Se Ants From Up There foi de certa maneira uma carta de despedida de Isaac, Live at Bush Hill é uma declaração de amor com nuances de saudade do que ficou pra trás, misturados a momentos de gratidão por tudo que viveram até aquele presente momento. Tudo sobre o futuro da banda se molda nos acontecimentos do último ano, e não poderia ser diferente.

A energética e melódica Up Song particularmente mexeu comigo e explico o porquê: Não é a faixa mais elaborada ou complexa da banda, mas soa quase como um grito de liberdade. Incrivelmente todos os integrantes brilham em seus respectivos instrumentos, abraçando o pré-refrão sob a voz de Tyler antes de ela explodir no refrão junto a todos os integrantes em uma espécie de celebração por sua amizade:

All these things will remain invisible to the world
And you wish you could be held
A silent embrace in the arms of another
Who knows what’s wrong?
Thеy’ll never know what we did togеther
Oh no, no one will know
— Pré-refrão | Up song - BC, NR

De forma singela é dito: O que ficou pra trás, ficou pra trás. Mas ficou guardado, conosco e mais ninguém.

Laughing Song usa como abordagem uma linda melodia e uma instrumentalização otimista como roupagem para uma das letras mais tristes do catálogo da banda. A bateria de Charlie serve como um ombro amigo e o Saxofone de Lewis tentam ser o sol em um dia cinzento enquanto Tyler tenta disfarçar toda sua dor em uma aparente indiferença, até colapsar no refrão, que cita todas as músicas feitas logo após a saída da Isaac e serviram como “tapa buraco” para realizar suas turnês (pois eles haviam prometido que não cantariam para o público nenhuma música de seus dois álbuns anteriores). Nesse momento, a dor é sentida numa espécie de purgatório musical. A contradição entre o título da música e o tom melancólico que carrega cria um elemento paradoxal antes mesmo dela começar, perpetuado por pequenas contradições que aparecem ao longo da música e que proporcionam mais peso emocional para o conflito interno da vocalista, que nos paralisa durante sua catarse no outro da faixa, quando admite para si mesma que está pronta para seguir em frente, mesmo não sabendo como: “What does that say? When I have accepted that no-one else will make me laugh like that– Ever again” (o que quer dizer quando eu aceitei que ninguém vai me fazer sorrir como você, nunca)

Ainda é importante destacar um parágrafo inteiro para “Turbines/Pigs”. Mais um conto folclórico interpretado por May Kershaw, a faixa de 9 minutos nos transforma em crianças em estado de estupefação pura enquanto acompanhamos aquela história que traz a tona inseguranças e tristeza (sentimentos que geralmente buscamos repelir mas que, nesse caso, queremos entender), proporcionando a eles uma intensidade que ainda achávamos não conhecer.

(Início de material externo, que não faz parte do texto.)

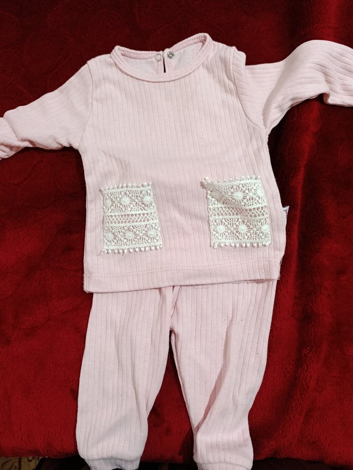 Uzun kollu, pastel pembe renkte bebek kız takımı. Dantel ceplerle süslenmiş, yumuşak ve rahat kumaştan üretilmiştir.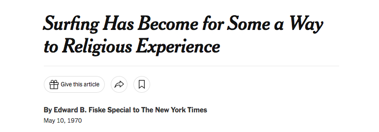 For surfers, this religious connection to the ocean is not new and reporters have been documenting it for decades.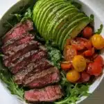 Unbeatable Texture: The combination of grilled flank steak and creamy avocado creates a textural masterpiece. The steak’s juicy, slightly chewy interior pairs with avocado’s smooth creaminess, while quinoa adds a fluffy, absorbent element. Scientifically, the proteins in the steak firm up during grilling, and the healthy fats in avocado prevent the bowl from feeling heavy, resulting in a light yet satisfying meal that keeps you full longer.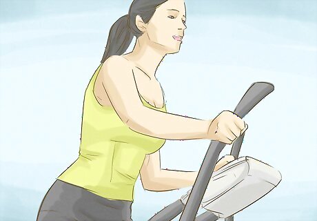 Try other exercises to diversify your workouts. Remember that you need to try to work out different muscles through varying exercises. Performing the same workout routine over and over will only concentrate on a specific group of muscles, while overlooking the rest. Focus on arms one day, then switch to legs the next. Do some low-impact aerobic exercises during one workout session, then change it up with some strength training during your next workout. Consider using an elliptical machine (on a low setting) or a stationary bicycle for a relatively low-impact workout.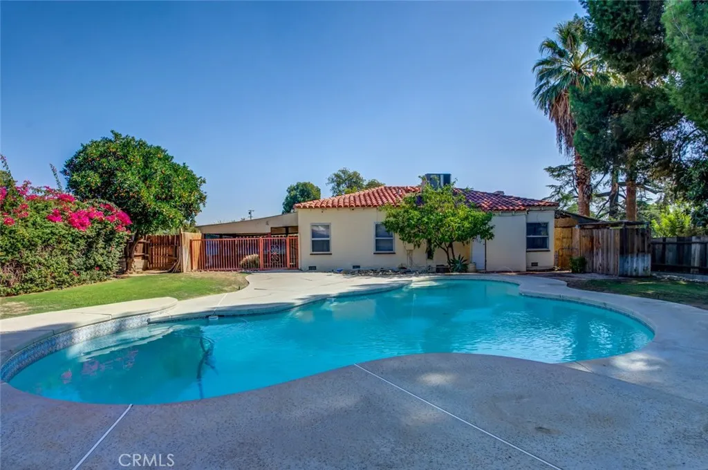 Welcome to Elmwood Ave! This charming home sits on a large lot and offers comfort, character and space to grow. Thoughtfully maintained it features 2 bedrooms, 2 bathrooms and a versatile bonus living areas downstairs ideal for guest suite, home office, gym or media room. Step inside to enjoy abundant natural light and wood flooring throughout the main living areas, complemented by freshly painted walls that give the home a bright, inviting feel. Outside, your private retreat awaits with mature fruit trees a covered patio with a sparkling pool perfect for entertaining, relaxing or hosting unforgettable gatherings. Nestled in Bakersfields established La Cresta neighborhood, this home combines timeless charm and everyday convenience with easy access to shopping, dining, parks, and commuter routes.

Por fim, “Dancers”, que serve figurativamente como última faixa da apresentação (dissolvendo-se num verso reprise mais lento de “Up Song”, que é o final literal), é daqueles momentos da banda que nos deixam sem palavras: Carregados de emoção e metáforas, complexos na execução mas apelativos na forma que soam, que gostam de nos trazer pra perto de si mas não se sentem confortáveis o suficiente para se abrir por completo ou dar alguma explicação sobre quem é ou o que quer dizer.

É justamente aqui que Black Country, New Road demonstra não estar interessado em se distanciar do passado apenas pela dor que ele provoca enquanto olha para futuro e suas infinitas possibilidades. Com Live at Bush Hall, esse passado deixa de ser apenas sobre Isaac Wood, e se torna também concretamente o prelúdio do que está por vir, mas que sempre foi:

Melhores amigos se divertindo e fazendo música.